*Provided records*.

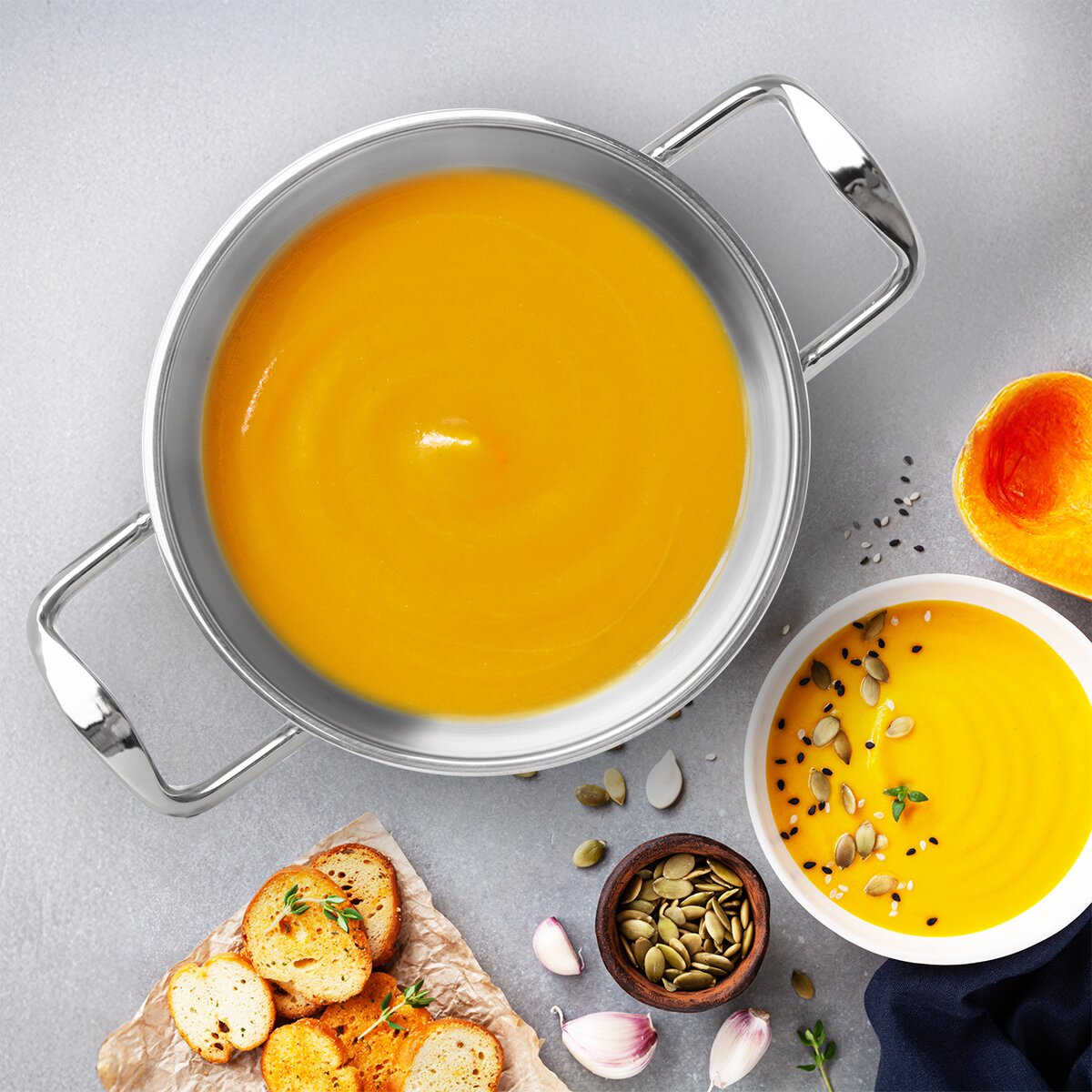 Kód produktu 113373Nerezový kastról je vybavený sklenenou pokrievkou s výlevkou, ktorá slúži na bezpečné a pohodlné vypúšťanie vody či cedenie. Výlevka zároveň umožňuje únik pary počas varenia. Pokrievka obsahuje silikónové prvky, ktoré uľahčujú cedenie bez potreby použitia utierky alebo iných ochranných pomôcok. Teplotná odolnosť pokrievky aj silikónových častí je až 200 °C, a to vzhľadom k použitým materiálom – tepelne odolnému sklu a silikónu. Kastról je vhodný na použitie na indukciu, je možné ho umývať v umývačke riadu a je možné ho používať aj v rúre. Návod na obsluhu je súčasťou balenia. Materiál: nerezová oceľ 304, hliník (sendvičové dno) + pokrievka - sklo, nerez, silikón. Rozmery: o. 3 l, pr. 20 cm, v. s pokrievkou 14 cm, v. 10 cm, š. 32 cm.
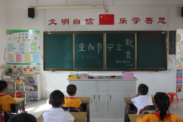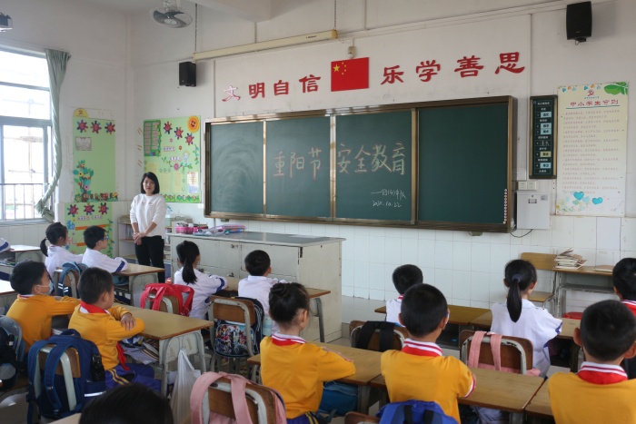 金秋十月,丹桂飘香,中国一年一度的传统节日重阳节,就要来到了。尊老敬老是星空体育中华民族的优良传统,弘扬这一传统美德的同时,安全工作仍然是学校工作的重中之重,2020年10月23日课间操时间,南朗小学利用广播进行重阳节安全教育,全体学生在班主任的组织下认真倾听,各班提前在黑板上写上主题词“重阳节安全教育”。
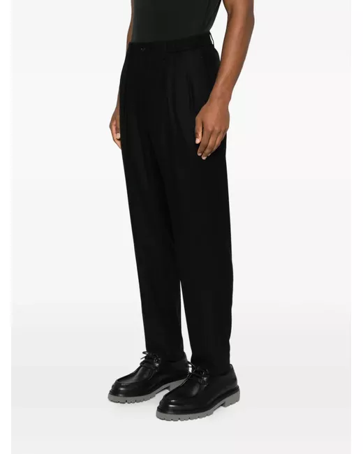 black elasticated waistband front pleats button fastening belt loops side seam pockets
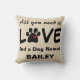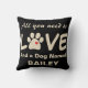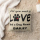 Kute goot kussens met een hondenpoot met hart erin en gezegde, alles wat je nodig hebt is liefde en een hond genaamd Bailey. U kunt het met de naam van uw eigen hond aanpassen aangezien de naam een voorwerp van de sjabloon is. De omgekeerde kant van de kussen heeft hetzelfde gezegde dat tegenover een kleurencombinatie staat. Geweldig voor jou of voor een hondenliefhebber dat je kent.
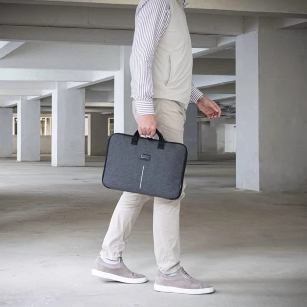 The Specter 2 Tri-way laptop bag organiser is not just an ordinary laptop bag. It's a versatile corporate gift that will amaze you! This multifunctional carrier can be used in three different modes: handheld, shoulder, and crossbody backpack. The Specter 2 is constructed from recycled ♻ PET bottles and includes a spacious main compartment with a soft-touch padded laptop sleeve that can accommodate up to a 16-inch laptop. It also features multiple pockets and slots for your tablet, phone, charger, cables, pens, notebooks, and more. Additionally, it is made of durable and water/stain-repellent touring fabric that safeguards your devices and belongings from scratches, spills, and shocks. This makes it the perfect companion for your busy and dynamic lifestyle! Material: RPET
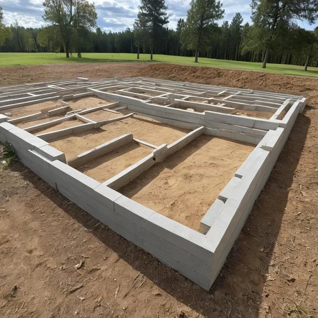 Чтобы минимизировать сезонное пучение грунта и обеспечить долговечность, на дне выемки создается многослойная подушка. Сначала засыпается песчаная подушка, которую послойно проливают водой и уплотняют виброплитой до исчезновения следа от обуви. Поверх песка распределяется щебень средней фракции, что значительно повышает несущую способность опоры под фундаментные блоки. Такая подготовка гарантирует, что железобетонные изделия не просядут под нагрузкой и сохранят стабильное положение. В некоторых случаях под блоки для фундамента заливается тощая бетонная подошва, обеспечивающая идеальную плоскость для монтажа. На этом же этапе закладываются инженерные коммуникации и слив, чтобы исключить последующее разрушение монолита. Правильно сформированное основание позволяет выполнять монтаж и установка элементов ЖБИ максимально оперативно.

*Work item*. Begin at the first line of the records and please reproduce every line exactly through the one containing "black elasticated waistband", leaving all pictures out.

*Reply to the task*.
 Kód produktu 113373Nerezový kastról je vybavený sklenenou pokrievkou s výlevkou, ktorá slúži na bezpečné a pohodlné vypúšťanie vody či cedenie. Výlevka zároveň umožňuje únik pary počas varenia. Pokrievka obsahuje silikónové prvky, ktoré uľahčujú cedenie bez potreby použitia utierky alebo iných ochranných pomôcok. Teplotná odolnosť pokrievky aj silikónových častí je až 200 °C, a to vzhľadom k použitým materiálom – tepelne odolnému sklu a silikónu. Kastról je vhodný na použitie na indukciu, je možné ho umývať v umývačke riadu a je možné ho používať aj v rúre. Návod na obsluhu je súčasťou balenia. Materiál: nerezová oceľ 304, hliník (sendvičové dno) + pokrievka - sklo, nerez, silikón. Rozmery: o. 3 l, pr. 20 cm, v. s pokrievkou 14 cm, v. 10 cm, š. 32 cm.
 金秋十月,丹桂飘香,中国一年一度的传统节日重阳节,就要来到了。尊老敬老是星空体育中华民族的优良传统,弘扬这一传统美德的同时,安全工作仍然是学校工作的重中之重,2020年10月23日课间操时间,南朗小学利用广播进行重阳节安全教育,全体学生在班主任的组织下认真倾听,各班提前在黑板上写上主题词“重阳节安全教育”。
 black elasticated waistband front pleats button fastening belt loops side seam pockets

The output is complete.